### Stored data ###

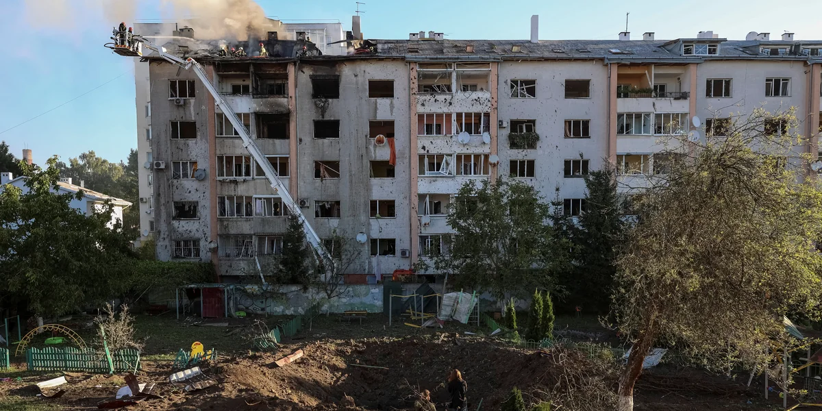 „Viele Raketen wurden abgeschossen, aber es gab auch Treffer in Lwiw“, schrieb Bürgermeister Andrij Sadowyj in Telegram. Ein brennendes Wohnhaus sei evakuiert worden. Er postete ein Video, auf dem ein Krater vor einem mehrstöckigen Gebäude zu sehen ist, in dem alle Fenster zersplittert sind.
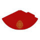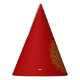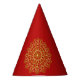 Elegant red and golden paper party hat. Ideal for festive special occasions. Red background with a golden Arabic-inspired ornament in modern style. Abstract, illustration, elegant, geometric, modern, ethnic, baroque, luxury, Arabic, Moorish, motif.
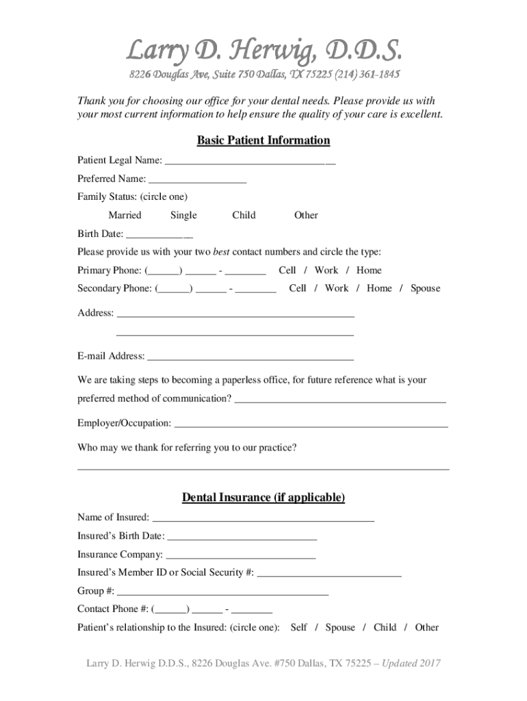 Larry D. Her wig, D.D.S. 8226 Douglas Ave, Suite 750 Dallas, TX 75225 (214) 3613611845 Thank you for choosing our office for your dental needs. Please provide us with your most current information

###

### [Directions for this task]
Retype everything in the material word for word, minus pictures.

### [Answer section]
 „Viele Raketen wurden abgeschossen, aber es gab auch Treffer in Lwiw“, schrieb Bürgermeister Andrij Sadowyj in Telegram. Ein brennendes Wohnhaus sei evakuiert worden. Er postete ein Video, auf dem ein Krater vor einem mehrstöckigen Gebäude zu sehen ist, in dem alle Fenster zersplittert sind.
 Elegant red and golden paper party hat. Ideal for festive special occasions. Red background with a golden Arabic-inspired ornament in modern style. Abstract, illustration, elegant, geometric, modern, ethnic, baroque, luxury, Arabic, Moorish, motif.
 Larry D. Her wig, D.D.S. 8226 Douglas Ave, Suite 750 Dallas, TX 75225 (214) 3613611845 Thank you for choosing our office for your dental needs. Please provide us with your most current information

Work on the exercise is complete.